Thirty-three months ago I first covered SharePoint on our blog. Since then I have presented InfoPath 2007 and 2010 sessions at a few regional technical conferences. Yesterday, I presented InfoPath to around seventy local professionals at an invitation-only event. As the product has evolved, so has the interest, so has the local user base, and so has the number and variety of our projects. InfoPath is one of the driving forces behind SharePoint’s unprecedented growth.
InfoPath brings to the table:
- Rapid development of electronic forms for non-developers
- Rules based business process automation
- The ability to extend the forms using .NET programming if required
- The inherent ability to gather data to SharePoint for detailed analysis
There are definitely some caveats to keep in mind when implementing InfoPath forms. For your run-of-the-mill, rules-based forms for automating internal business processes, you will find InfoPath is a great fit and a piece of cake. For programmer-enhanced forms, you will need to manage trust levels and get an administrator’s help with publishing the form. And anonymous forms, well, they present numerous challenges that I will guide you through in upcoming posts. What if you want to create a form that gathers data to two separate SharePoint lists? InfoPath does not do that out of the box, but it is possible.

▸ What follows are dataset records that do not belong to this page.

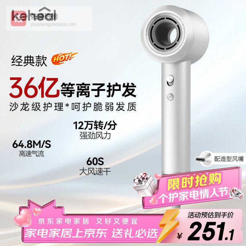 科西(KEHEAL)高速吹风机36亿等离子护发发电吹风家用负离子护发速干吹风筒过年情人节礼物 HC5银月白¥
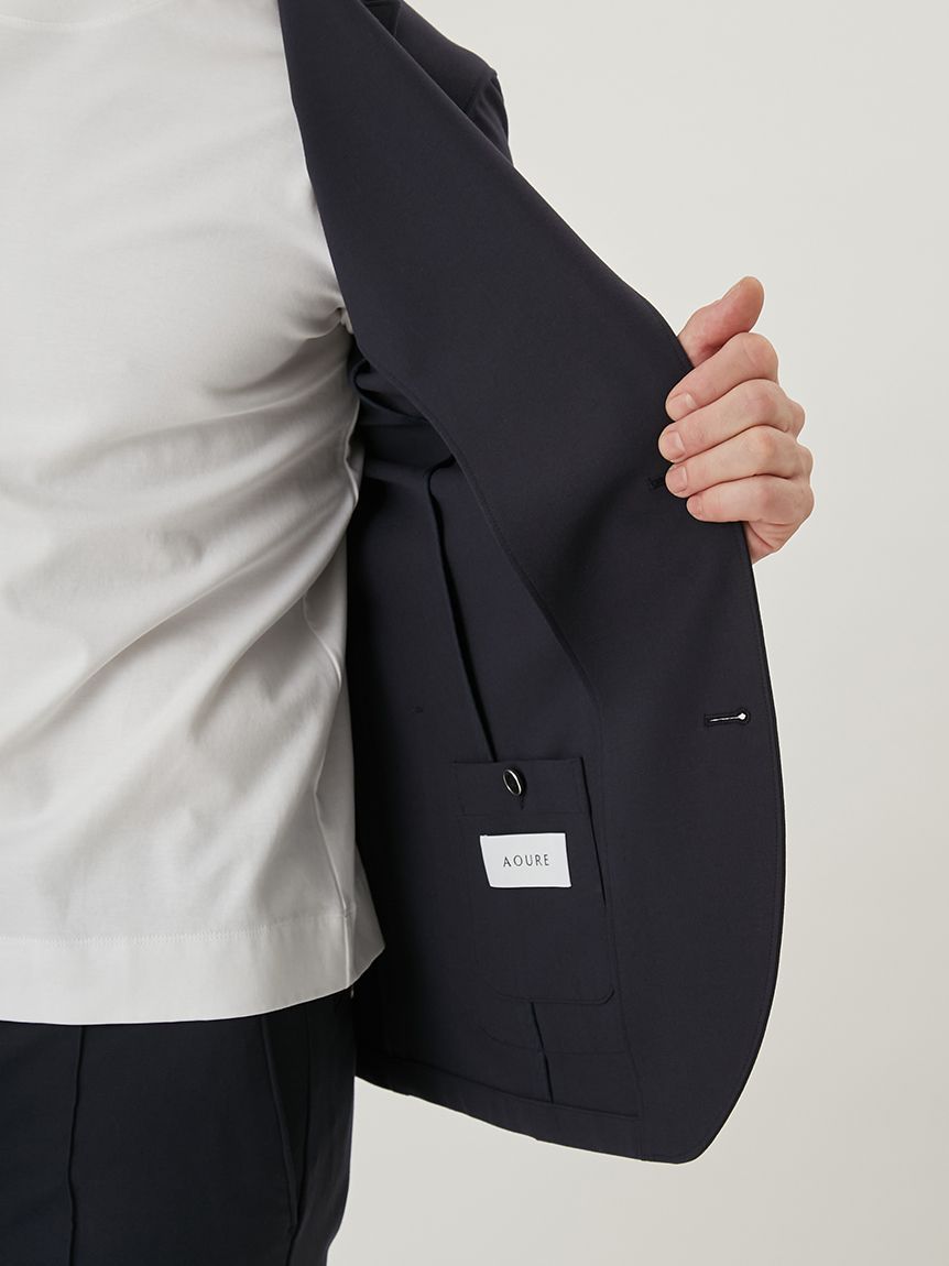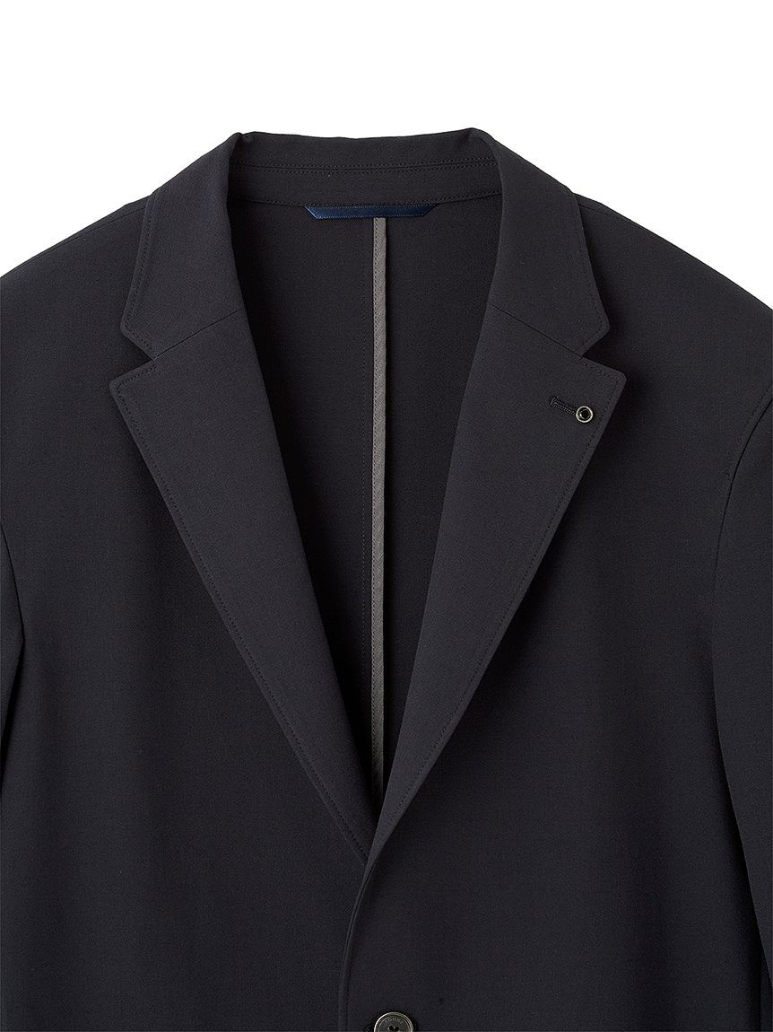 セットアップ対応可能なパンツのシルエットに合わせジャケットもコンパクトに設計し、シャープな顔に仕立てています。フロントのカッティング、腕まわりの設計にこだわり、スタイリッシュな印象にデザインしました。素材の伸縮性を存分にいかし、腕の可動域も広範囲にとれ、シャープなシルエットながら快適な着心地を実現しています。
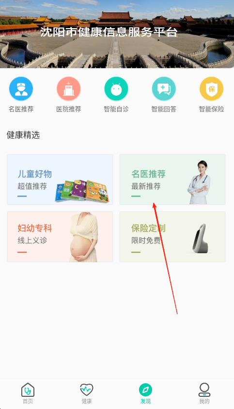 3、進(jìn)入發(fā)現(xiàn)頁(yè)面,利用名醫(yī)推薦醫(yī)院推薦等功能,嘗試智能自診智能回答,參與健康精選內(nèi)容,如兒童好物名醫(yī)推薦,獲取多元健康服務(wù)與資源。
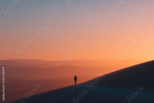 solitary traveler stands on sunlit path surrounded by warmth of golden-hour landscape people in distance softly blurred
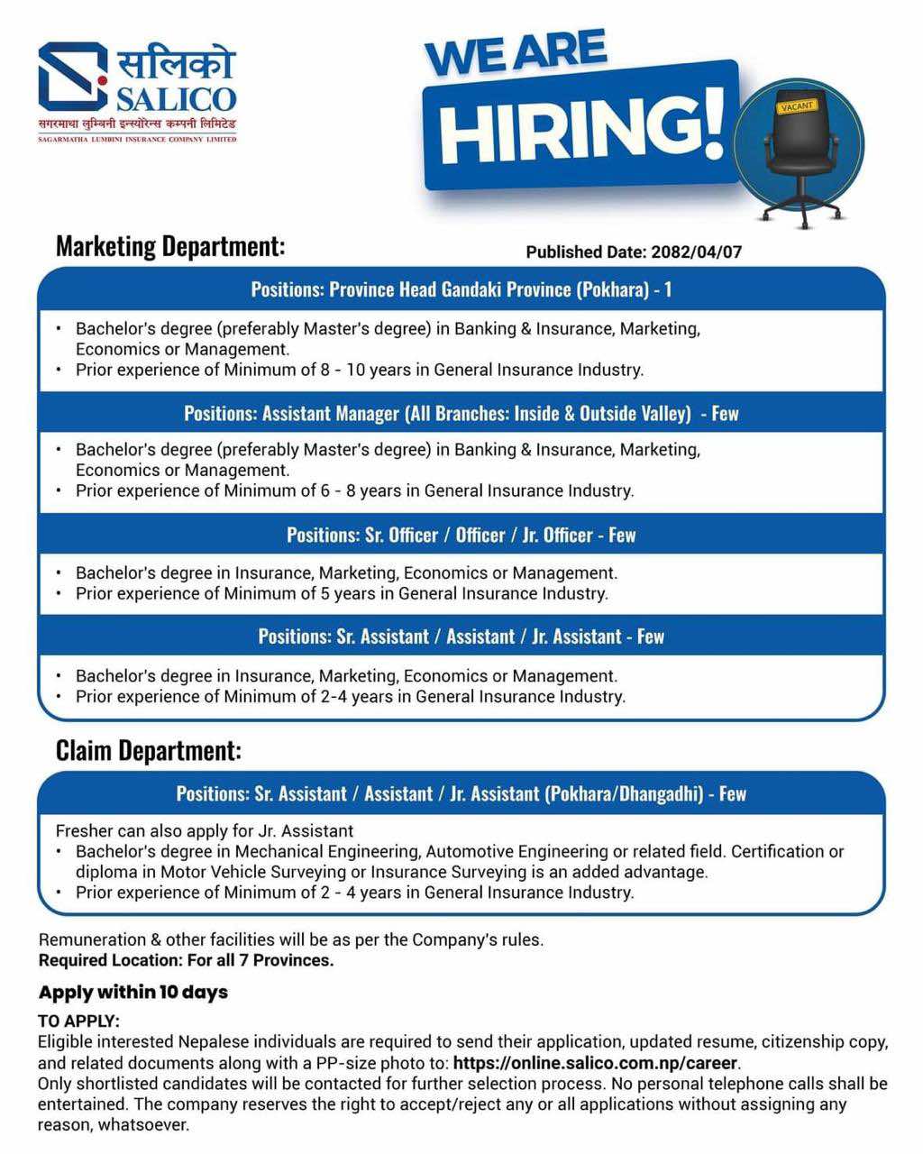 साथै, कम्पनीले क्लेम डिपार्टमेन्टमा सिनियर असिस्टेन्ट, असिस्टेन्ट र जूनियर असिस्टेन्टका लागि पोखरा र धनगढीका लागि केही संख्यामा कर्मचारी माग गरेको हो । ईच्छुक तथा योग्यता पुगेकाले सूचना प्रकाशित भएको मितिले १० दिनभत्रि आवेदन दिनुपर्नेछ ।
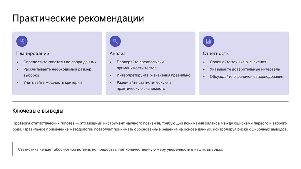 рода. Правильное применение методологии позволяет принимать обоснованные решения на основе данных, контролируя риски ошибочных выводов.
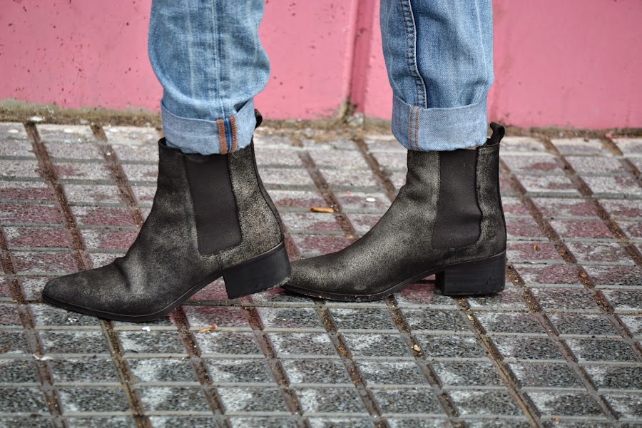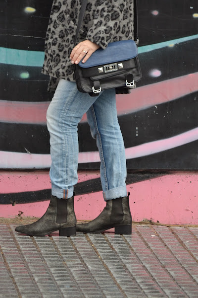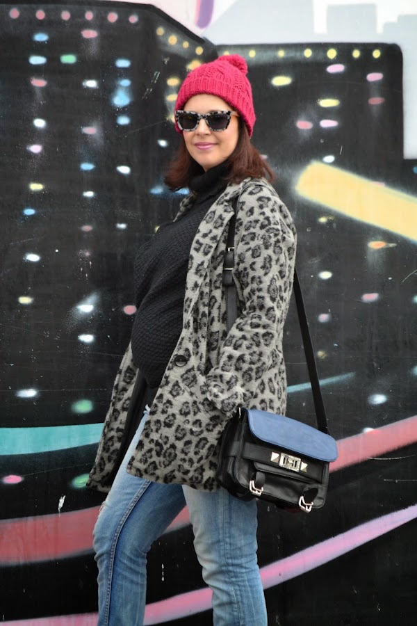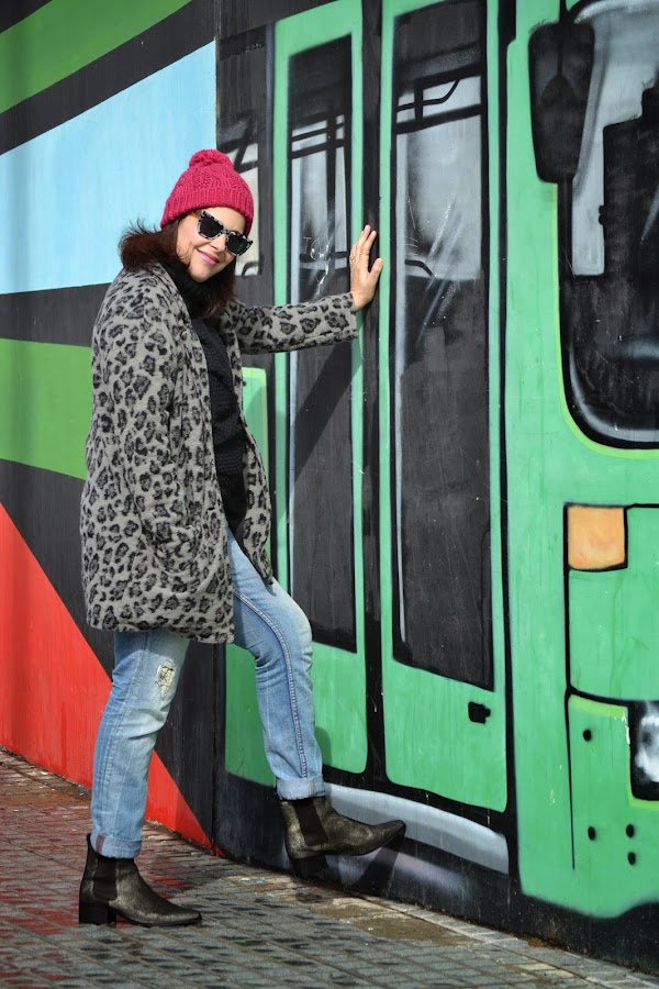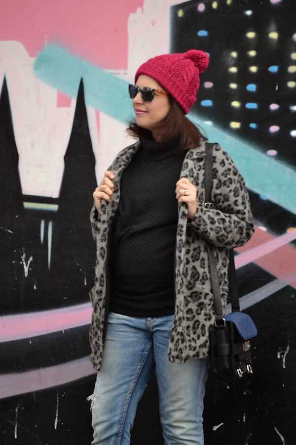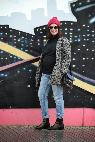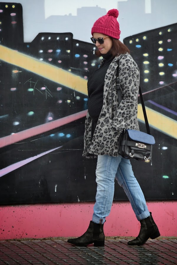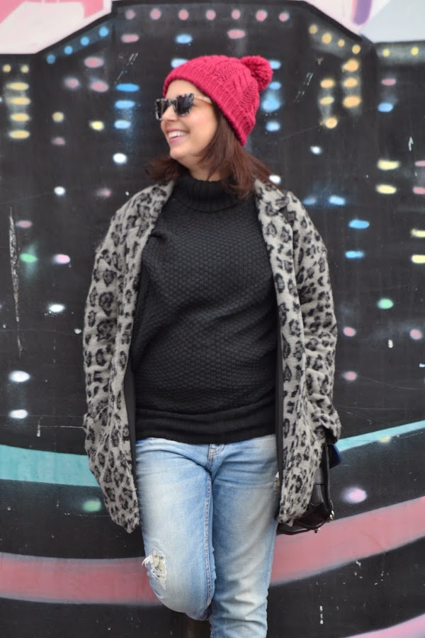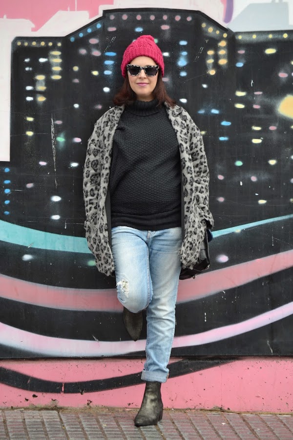 Un look con maxi abrigo que adquirí las rebajas del invierno anterior y que es un fondo de armario, ya que el print de leopardo va y viene. Este es en tonos grises. Ya lo saqué una vez por aquí. Es muy cómodo y calentito. Lo combiné con boyfriend jeans, jersey de lana negro y de calzado mis nuevas botas chelsea que pille en el Black Friday. Estoy encantada con ellas. Son de piel y tienen ese toque glitter que las hace diferentes. Para darle color, me puse el gorrito de lana burdeos .
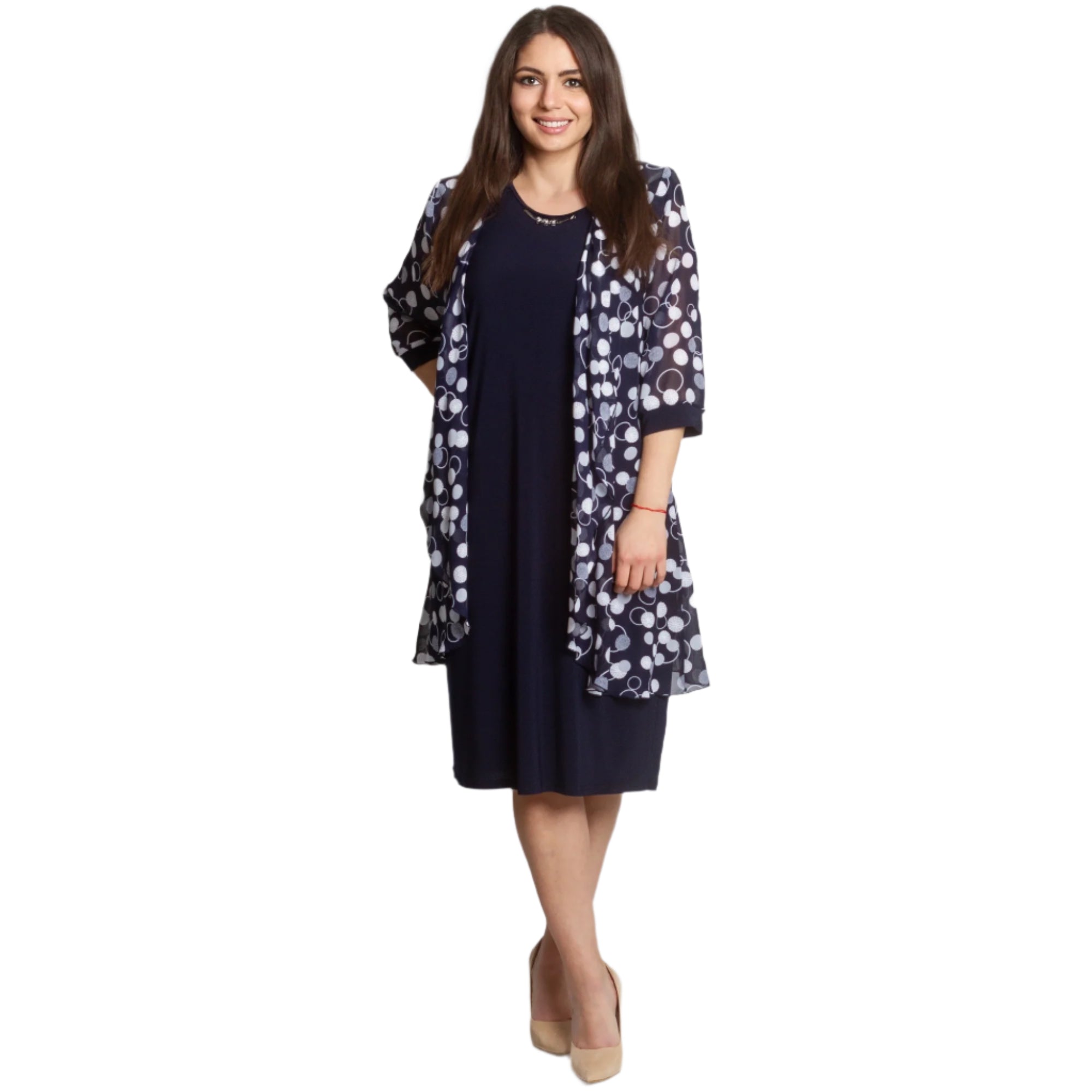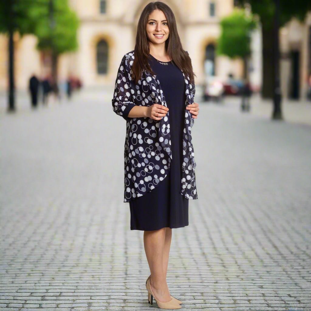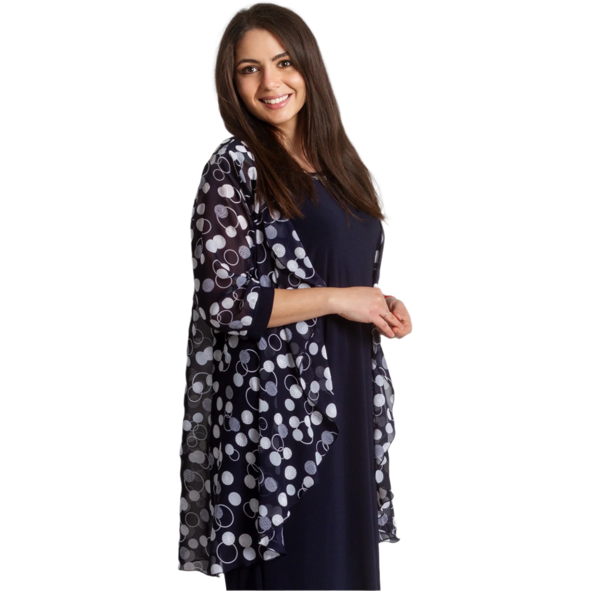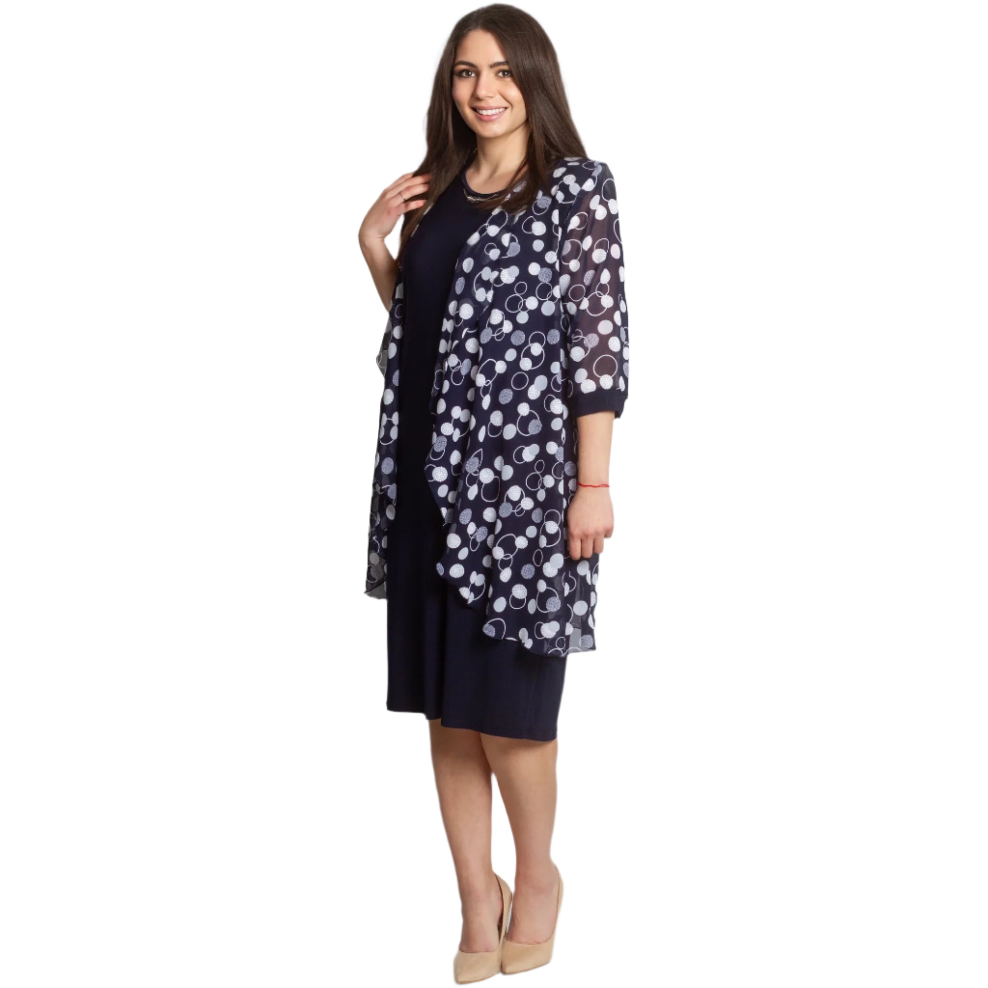 Официална рокля с шифонено наметало, идеална за стилни дами, които търсят изисканост и комфорт. Комплектът включва права рокля с дебели презрамки и стилно наметало от шифон. Дизайнът комбинира изчистена основна рокля с ефирно наметало, украсено с красиви кръгови мотиви. Роклята е с елегантно кръгло деколте, допълнено с дискретна декорация. Изработена от висококачествени материи, осигурява удобство и стил за всякакви официални поводи.
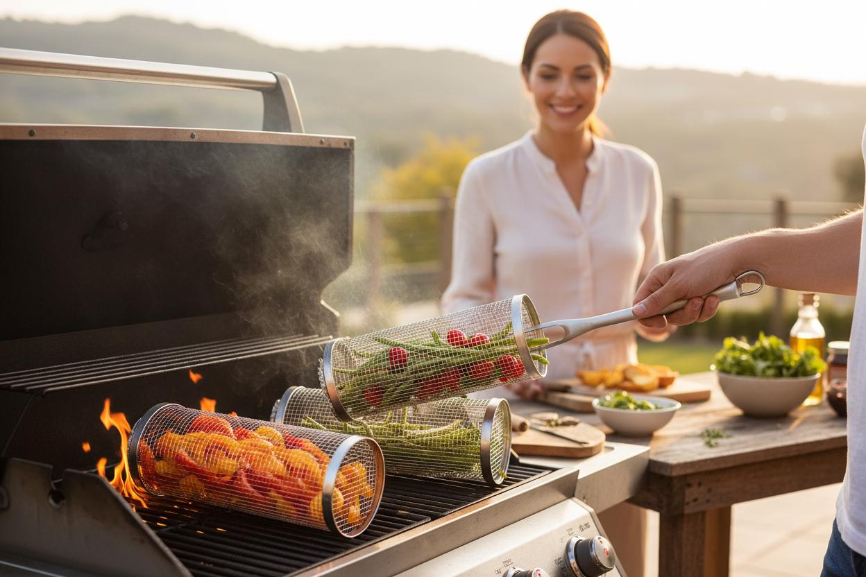 Upgrade your outdoor cooking experience with this Rolling Grilling BBQ Basket, designed to make gril...

Because of the growing demand for InfoPath, and because of the new InfoPath 2010 capabilities in SharePoint 2010 Enterprise and Office365, I am going to spend some time focusing on InfoPath solutions for SharePoint. I personally believe that this is one of the more valuable, but often overlooked features of SharePoint. My goal with this upcoming series of posts is to hear you say “I wish I had known that sooner!”